It's Foodstamp Friday!

In today's episode I will offer some facts about food stamps (you Statists use the euphemism SNAP (Supplemental Nutrition Assistance Program). I will only offer facts, I won't make any statements about how shameful it is that food stamps are available to young, able-bodied people making their own life decisions, or facing a temporary tough time. I won't share my belief that the Federal government is attempting to entrap people in a cycle of dependency like the Great Society did to the black community in the 1960's and 70's. I won't lament the fact that the trade-off for government assistance is a necessary loss of pride and dignity, as well as a loss of reliance on the the basic human ability to find a way to survive. Nope, none of that, today is just a celebration of Foodstamp Friday!

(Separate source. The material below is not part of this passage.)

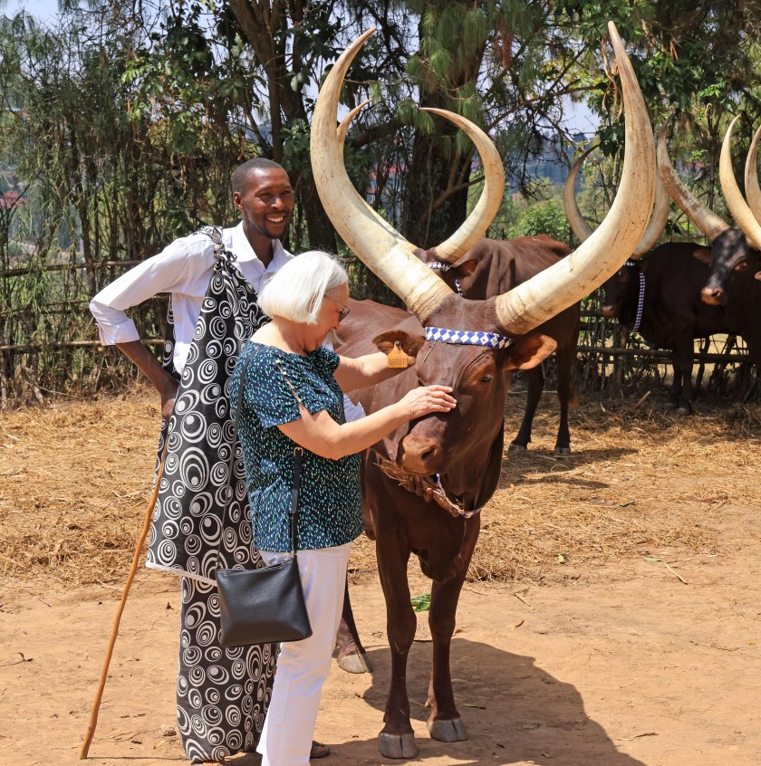 Teresa with Inyambo cow and herdsman. King’s Palace Museum, Nyanza. September 21, 2025.

Oh SNAP, an awful lot of people are on food stamps in America. Some of us are very unhappy about that fact, unfortunately, most of us think it's just peachy, like these two, evidently able-bodied, healthy, affluent looking young adults:

They seem awfully happy about having the rest of the nation support them don't they? Neither one of them looks like they're starving or particularly poor either.

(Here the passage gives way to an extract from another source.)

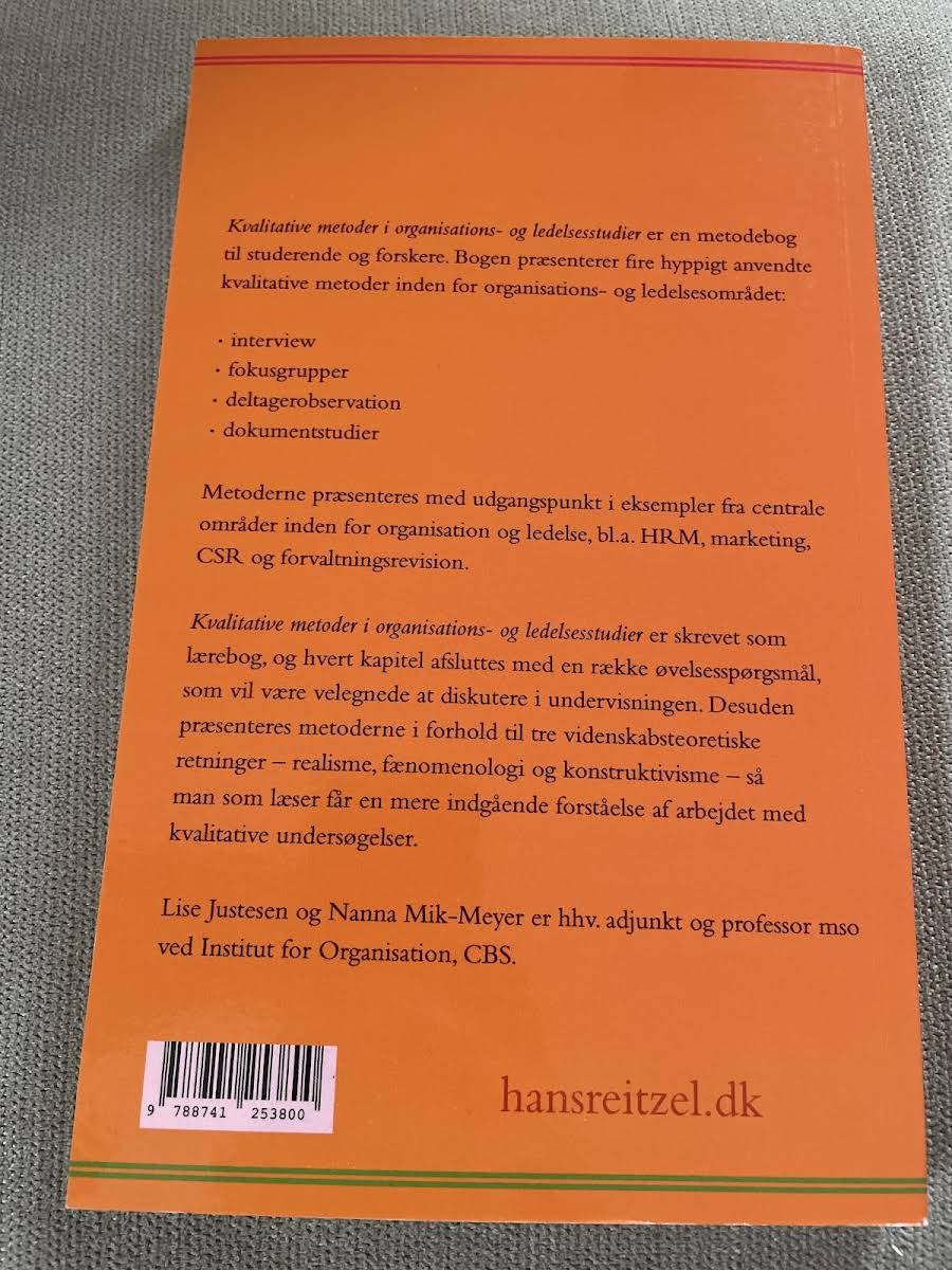 Kvalitative metoder i organisations- og ledelsesstudier er en metodebog for både studerende og forskere, som præsenterer de fire mest anvendte kvalitative metoder inden for organisation og ledelse: interview, fokusgrupper, deltagerobservation og dokumentstudier. Bogen illustrerer metoderne med praktiske eksempler fra centrale områder såsom HRM, marketing, CSR og forvaltningsrevision – og giver dermed et godt udgangspunkt for at forstå, hvordan kvalitative metoder kan anvendes i praksis. Bogen er opbygget som en lærebog, hvor hvert kapitel afsluttes med øvelsesspørgsmål, der inspirerer til refleksion og diskussion. Desuden belyses metoderne ud fra tre videnskabsteoretiske retninger – realisme, fænomenologi og konstruktivisme – hvilket bidrager til en nuanceret tilgang til kvalitative undersøgelser. Lise Justesen og Nanna Mik-Meyer giver med denne udgivelse et værdifuldt redskab til at navigere i organisations- og ledelsesforskningens verden.

Then there are the people who had the time to attend this Food stamp Party at a nightclub in Montgomery, Alabama last spring:

Five bucks and a food stamp eligibility card get you a free shot at the door. And here I am working my ass off.


Maybe if there are too many self-sufficient people in your neighborhood working their butts off in this sour economy, you could throw a food stamp party of your own:
Throw a Great Party. Host social events where people mix and mingle.Make it fun by having activities, games, food, and entertainment, and provide information about SNAP. Putting SNAP information in a game format like BINGO, crossword puzzles, or even a “true/false” quiz is fun and helps get your message across in a memorable way. 
The above suggestion comes directly from the USDA.


Or, if you actually care about the destruction of the Middle Class disguised as help for able-bodied Americans, you could read this report from the Manhattan Institute for Policy Research about the frightening, "unprecedented increase in the Supplemental Nutrition Assistance Program, 2008-2012."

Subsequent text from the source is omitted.